One simple piece of information still available to an attacker is the size of the web page: the size of the page doesn't change much over time, and is only slightly increased by the encryption process. If the attacker has measured the sizes of the two possible pages in advance, a new download will be easy to distinguish. Try this attack out. A simple way in Wireshark to see the amount of information that has been transmitted over a TCP connection after it closes is to look at the Seq and Ack fields in the final packets: they are swapped based on the packet direction, but they represent the total amount of data sent in the two different directions. The experiment is simplest if you use a command-line program that just downloads a single web page without other resources like images.

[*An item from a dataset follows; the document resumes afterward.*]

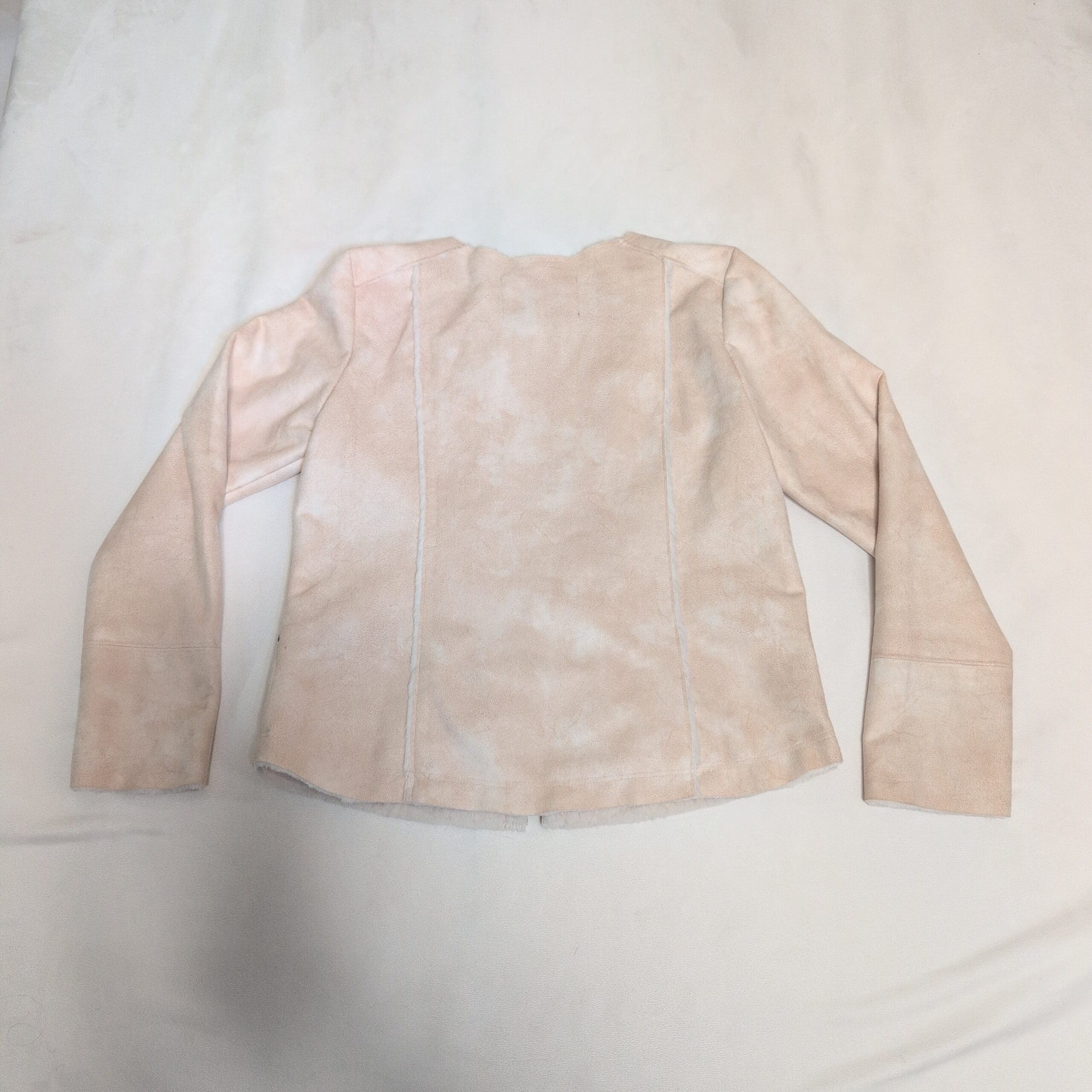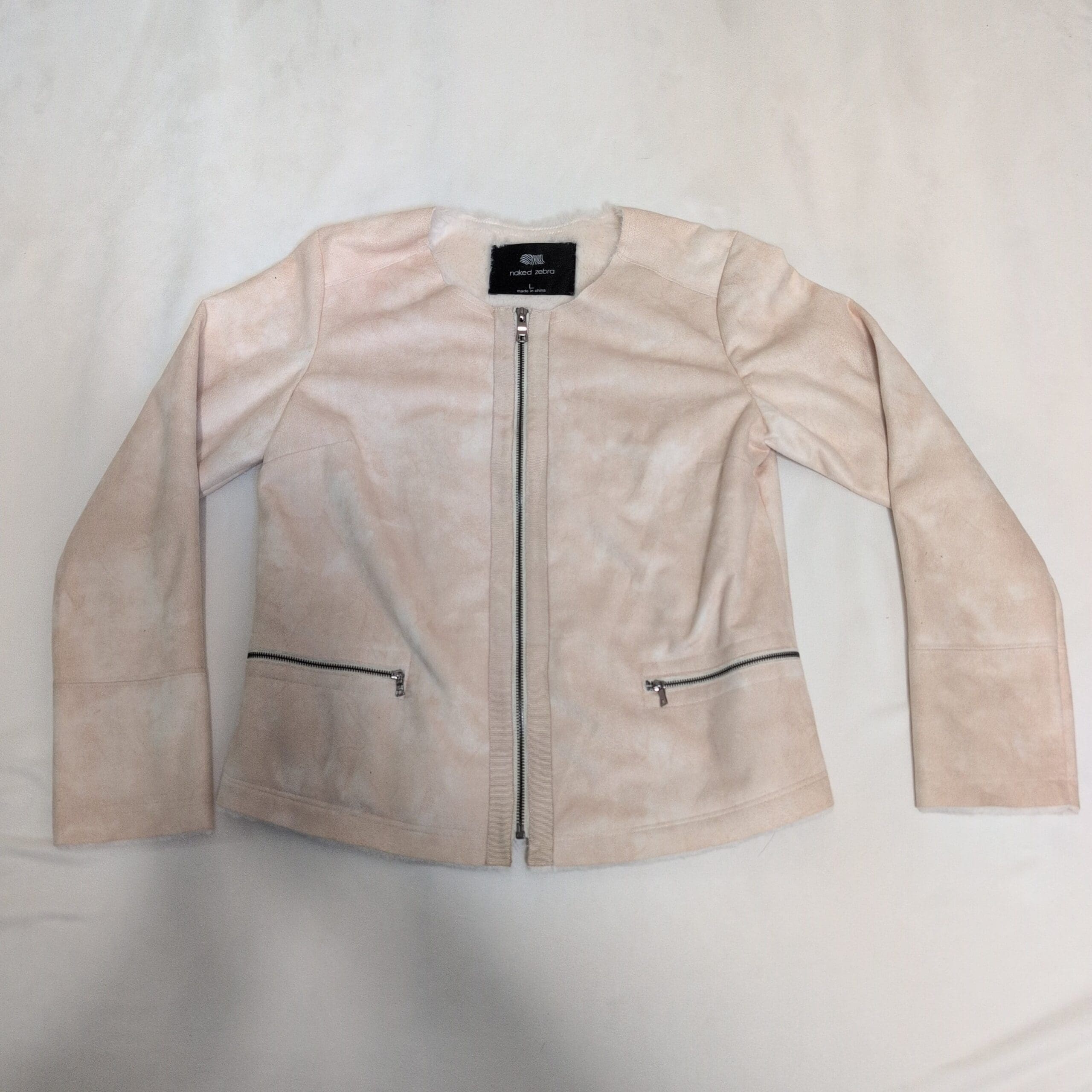 Naked Zebra women’s tan jacket in size L. Collarless, zip-front design with two zippered front pockets and clean, tailored seams for a polished silhouette. Soft suede-look finish and lightweight construction make it ideal for layering from spring to fall. Silver-tone hardware and full-length zipper add a modern touch. Pre-owned with light, normal wear consistent with use; no major flaws visible in photos.

You can also compare the size of the TCP stream to the size of a file storing the downloaded contents.

Timing of keystrokes over SSH

Another place where timing can reveal information even for encrypted data can be seen with SSH. If you open an SSH connection from the network namespace and watch a packet capture, you will see that each time you type a single key there will be two bursts of encrypted traffic, first from client to server and then from server to client. There is traffic in both directions because in most typing scenarios, the keys you type appear immediately in the terminal; this is called "echo". The contents of the packets don't obviously reveal anything about what key was pressed: for instance even if you type the same key repeatedly, you'll see that the packet contents all look different and random. However you can also see that the timing of the packets is recorded quite precisely; and unless you do something like cut and paste, it is very difficult to type fast enough for multiple keystrokes to be combined in one packet. This means that an attacker on the network still has quite detailed information about the timing of your keystrokes. This risk was analyzed in a classic 2001 paper on Timing Analysis of Keystrokes and Timing Attacks on SSH.